--- Source data ---
BEGIN

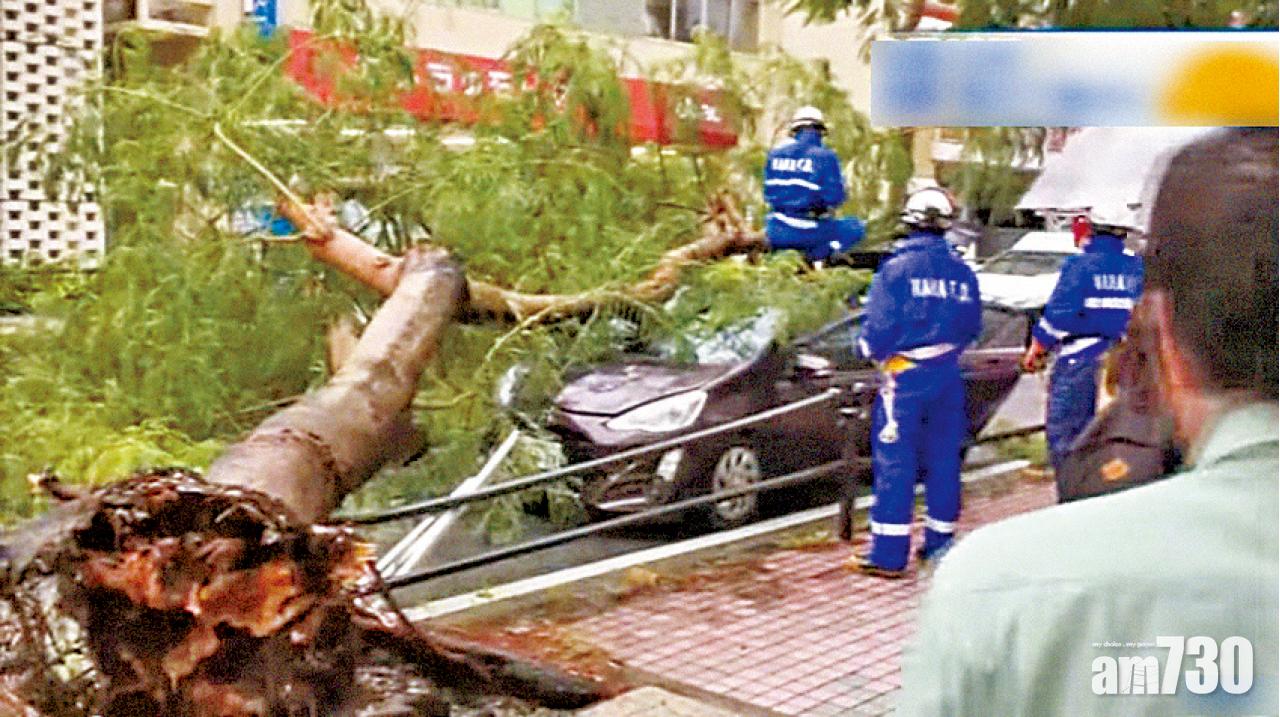 那霸有私家車被樹木壓中,車上台灣遊客幸無恙。(互聯網)
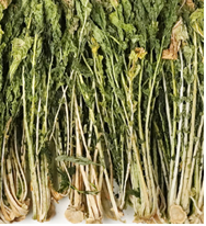 (1) 성상: 시래기는 짙은 녹색을 띠며 약간 시든 식감을 가지고 있습니다. 잎은 얇고 섬세하며 말린 허브와 비슷합니다.
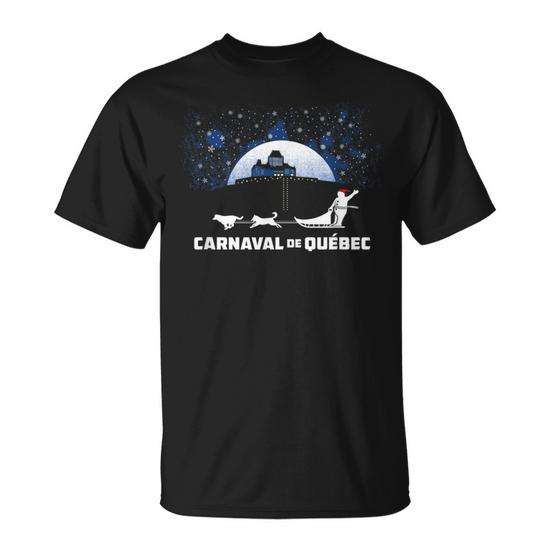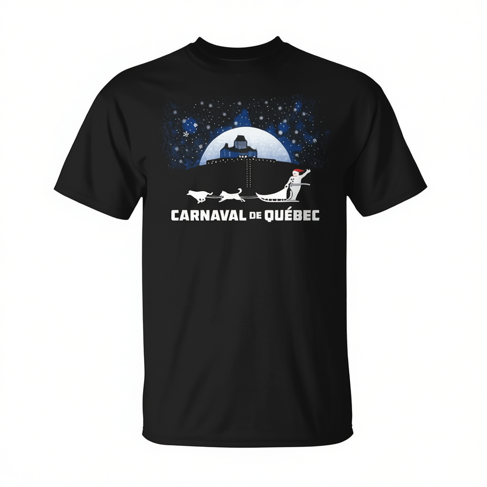 T-shirt Promozionale con Cane da Slitta del Carnevale Invernale del Quebec, Pupazzo di Neve con Cappello Rosso e Fascia
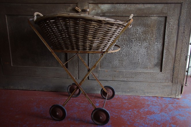 A beautiful early laundry trolley with original cane laundry basket.
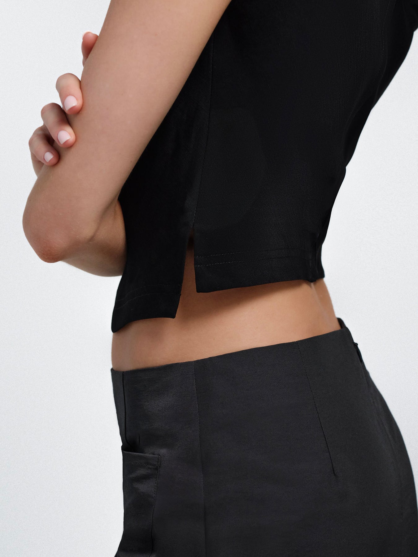 Hits at the natural waist with side slits for comfort.
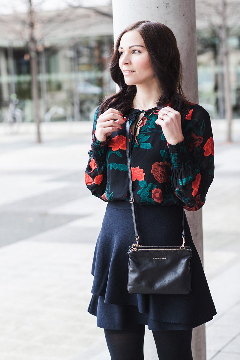 In meinem heutigen Style kombiniere ich eine auffällige Bluse von Ganni zu einem schlichten schwarzen Minirock. Der Rock wirkt durch seine überlappenden Volants einfach wie gemacht für einen festlichen Anlass und macht ebenso zu T-Shirt eine gute Figur. Kombiniert habe ich die beiden Teile zu schwarzen Sock-Boots, die diesen Winter der letzte Schrei in der Fashionwelt sind. Die bequemen Schuhe sitzen wie eine zweite Haut am Fuß und sehen durch die abgesetzten lackspitzen einfach umwerfend aus.
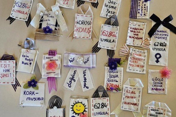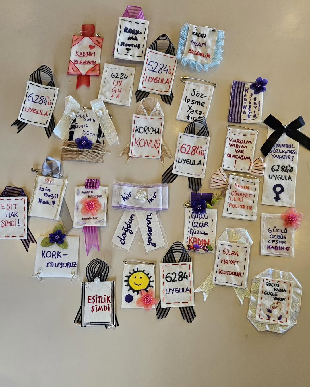 Etkinlikte, kadın haklarına dikkat çeken sloganlar kumaş rozetlere dönüşerek hem farkındalık yaratılmış hem de anlamlı bir dayanışma örneği sergilenmiştir.
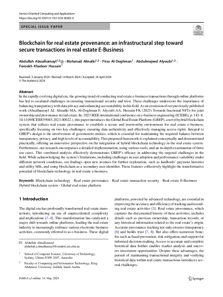 Service Oriented Computing and Applications https://doi.org/10.1007/s11761024004030SPECIAL ISSUE PAPERBlockchain for real estate provenance: an infrastructural step toward secure transactions in real
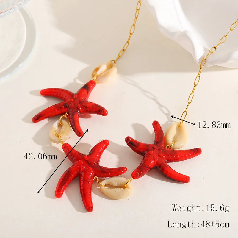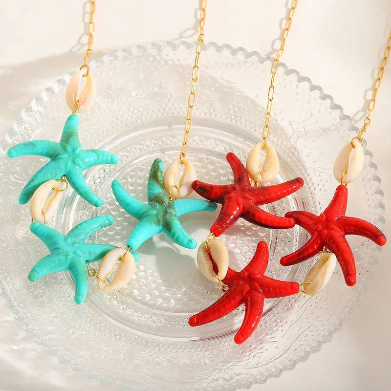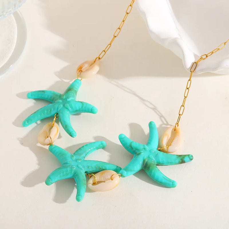 Wholesale Jewelry Casual Exaggerated Beach Starfish Conch 304 Stainless Steel 18K Gold Plated Plating Paperclip Chain Multi Charms Necklace
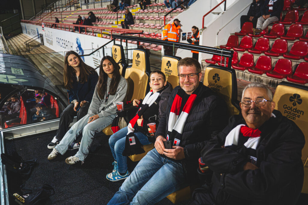 Een frisse herfstavond in Molenbeek, het Stade Edmond Machtens vol verwachting, en vijf supporters kregen een primeur‑plek: recht tussen de dug‑outs, op de Golden Seats — luxe en intensiteit in één.
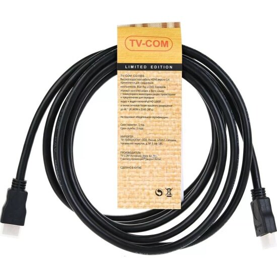 Кабель HDMI - HDMI, M/M, 3 м, v1.4, TV-COM, CG150S-3M, 1537922
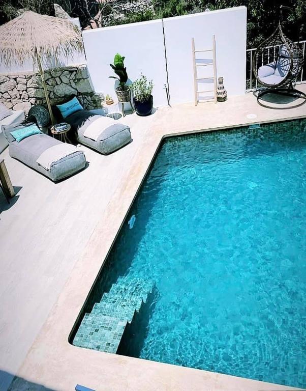 La Villa mit privatem Pool cuenta con piscina al aire libre, jardín y terraza. 10 Minuten vom Strand mit El kostenlosen WiFi ofrece alojamiento en Ben
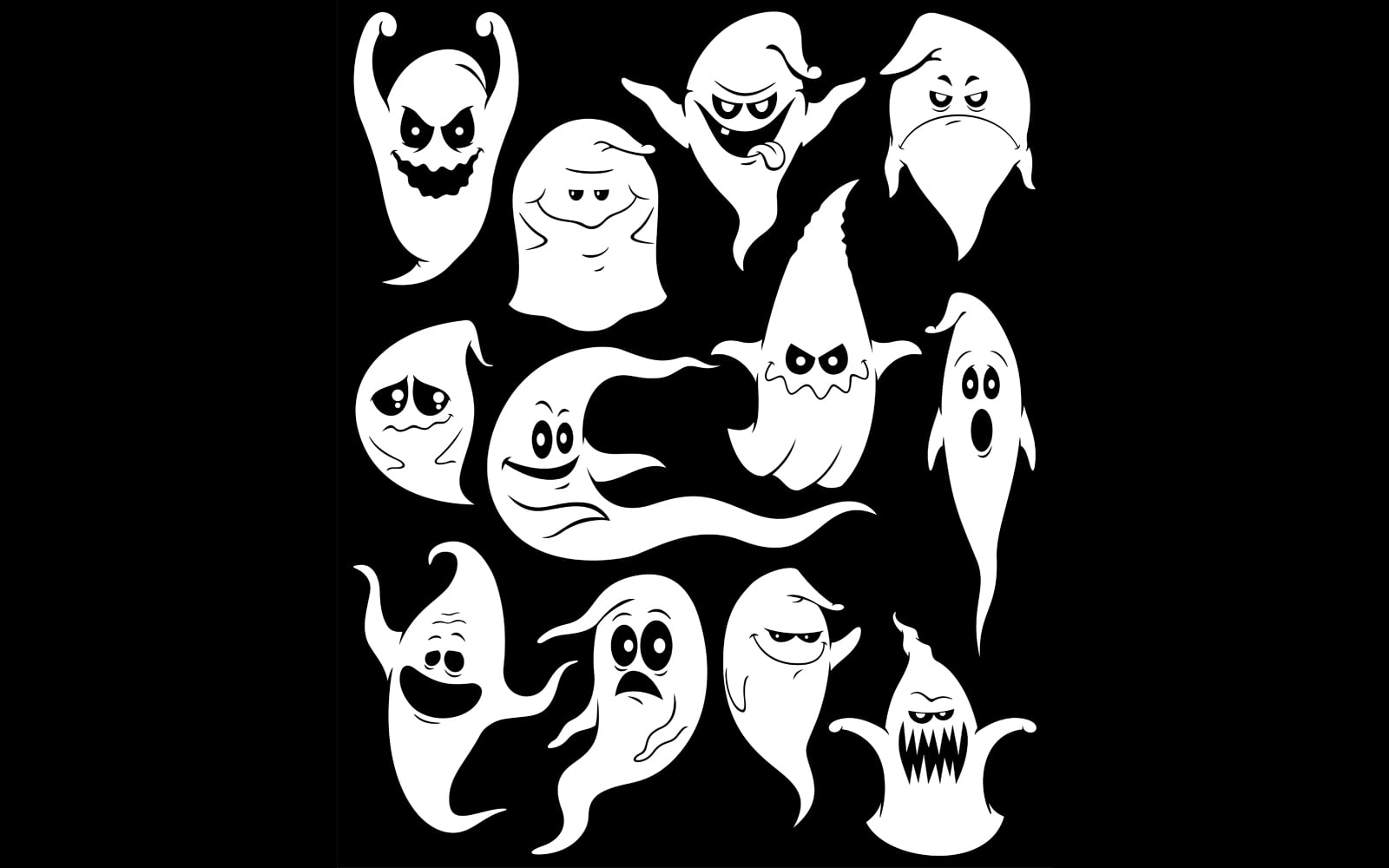 Download Иллюстрация "Ghosts - Illustration" / Ghosts - Illustration - Иллюстрация на тему графика halloween,ghost,spook,poltergeist,spirit,apparition,set,pack,collection,silhouette,isolated,white,black background
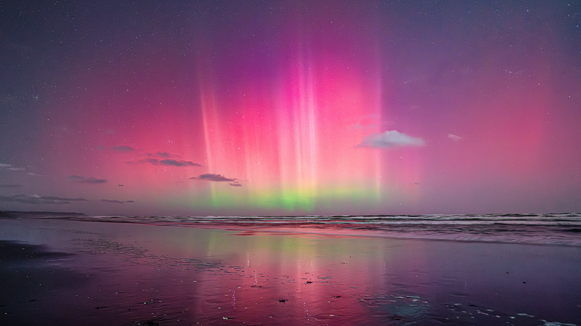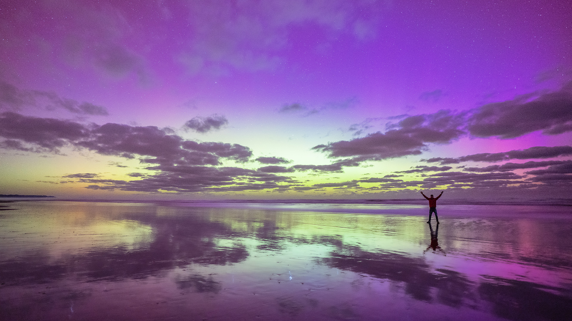 If you’re able to get a calm night on the West Coast beaches, the still water creates a stunning reflection, capturing so many colors – May 2024.

END

--- What the task requires ---
Set down exactly, and only, the lines from the one containing "Etkinlikte, kadın haklarına" through the last line of the entries. Pictures do not belong in the copy.

--- Output of the exercise ---
 Etkinlikte, kadın haklarına dikkat çeken sloganlar kumaş rozetlere dönüşerek hem farkındalık yaratılmış hem de anlamlı bir dayanışma örneği sergilenmiştir.
 Service Oriented Computing and Applications https://doi.org/10.1007/s11761024004030SPECIAL ISSUE PAPERBlockchain for real estate provenance: an infrastructural step toward secure transactions in real
 Wholesale Jewelry Casual Exaggerated Beach Starfish Conch 304 Stainless Steel 18K Gold Plated Plating Paperclip Chain Multi Charms Necklace
 Een frisse herfstavond in Molenbeek, het Stade Edmond Machtens vol verwachting, en vijf supporters kregen een primeur‑plek: recht tussen de dug‑outs, op de Golden Seats — luxe en intensiteit in één.
 Кабель HDMI - HDMI, M/M, 3 м, v1.4, TV-COM, CG150S-3M, 1537922
 La Villa mit privatem Pool cuenta con piscina al aire libre, jardín y terraza. 10 Minuten vom Strand mit El kostenlosen WiFi ofrece alojamiento en Ben
 Download Иллюстрация "Ghosts - Illustration" / Ghosts - Illustration - Иллюстрация на тему графика halloween,ghost,spook,poltergeist,spirit,apparition,set,pack,collection,silhouette,isolated,white,black background
 If you’re able to get a calm night on the West Coast beaches, the still water creates a stunning reflection, capturing so many colors – May 2024.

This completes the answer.